[DFT] Introduce the cuFFT backend for the DFT interface. #284

FMarno · 2023-03-01T16:29:29Z

Description

Introduce a cuFFT backend for the dft interface. I believe this exposes as much of the cuFFT library as we can use.

Checklist

All Submissions

Do all unit tests pass locally? Attach a log.
Have you formatted the code using clang-format?

FMarno · 2023-03-10T18:55:03Z

evidence of the tests running. real-real transforms aren't implemented. cufft_backend_run.txt

FMarno · 2023-03-13T15:57:15Z

Multidimensional tests (#275) rebased onto these changes -
cufft_backend_run.txt

lhuot · 2023-03-29T07:14:32Z

@anantsrivastava30 could you please take a look at this PR? Thanks!

FMarno · 2023-03-29T11:21:52Z

@anantsrivastava30 The conflicts caused by the #282 are quite big so I will need some time to sort that out. I'll give you a ping when I'm ready.

CMakeLists.txt

README.md

FMarno · 2023-04-05T16:26:31Z

@anantsrivastava30 this is ready for review now. Sorry for the wait, I had a horrible bug with cufftDestroy changing the cuda context for no known reason. Should be fine now.

FMarno · 2023-04-18T10:26:33Z

@anantsrivastava30 I've fixed that merge conflict now so please review when you're ready

CMakeLists.txt

examples/README.md

src/dft/backends/cufft/backward.cpp

lhuot · 2023-04-19T12:11:06Z

tests/unit_tests/dft/include/compute_inplace.hpp

@@ -165,6 +163,8 @@ int DFT_Test<precision, domain>::test_in_place_buffer() {
        }
    }

+    // account for scaling that occurs during DFT
+    std::for_each(input.begin(), input.end(), [this](auto& x) { x *= forward_elements; });


Why did you need to do that instead of using the backward scale as it was before?

cuFFT doesn't support forward or backward scaling.
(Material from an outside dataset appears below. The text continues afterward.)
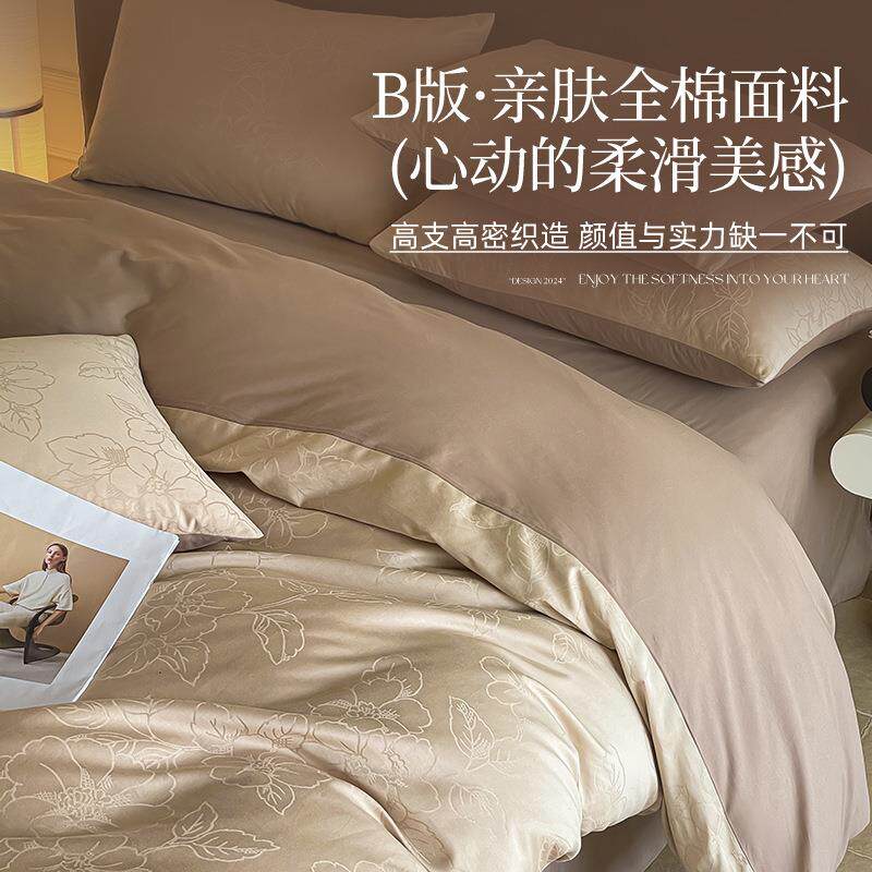 2025新款冬季全棉床上四件套贡缎轻奢纯棉被套床单三件套床品套件

We consider adding a kernel that would do a simple multiplication, but decided that users could easily integrate this into their own kernels and get much better performance (since they could perform the scaling at the same time as other work, avoiding the cost of loading and storing all the data just to perform a single divide). Testing for forward and backward scale is included in our testing roadmap, a which point we will test many values, not just 1/N.

So if a user of the oneMKL Interface library is using the oneMKL SYCL APIs with cuFFT backend and setting the bwd_scale then the scale will not be applied to the result of the FFT?

Yes, that does seem bad.
I could add a check to the commit step for cuFFT so that an exception is thrown when BACKWARD|FORWARD_SCALE != 1

I've added a fix in fb06c46. This does have a problem in that I had to rearrange the test since the invalid scale was stored, and then all subsequent attempts to commit became invalid.

I think we should find a way to make the backward, forward scale works for the cuFFT backend.
The goal of this project is to demonstrate that we can implement the oneMKL SYCL APIs as defined in the oneMKL specification for many platforms.
So as is we have a gap for Nvidia platform.
We could add the scale for the Nvidia backend in a different PR though and as a first step maybe throw an "unimplemented" exception for those scale for the cuFFT backend and update the test only for the cuFFT backend to either apply the scale on the test side if the exception is catch or just simply skip scaling in the cuFFT backend tests.

I think the team is open to adding an extra kernel that will do the scaling when FORWARD/BACKWARD_SCALE != 1 if it comes with some documentation that for cuFFT it will likely add overhead. We would like to add this in a later PR though.
When we get to adding the FORWARD/BACKWARD_SCALE tests, a range of values will be tested and the test will skip when a backend throws an "unimplemented" exception.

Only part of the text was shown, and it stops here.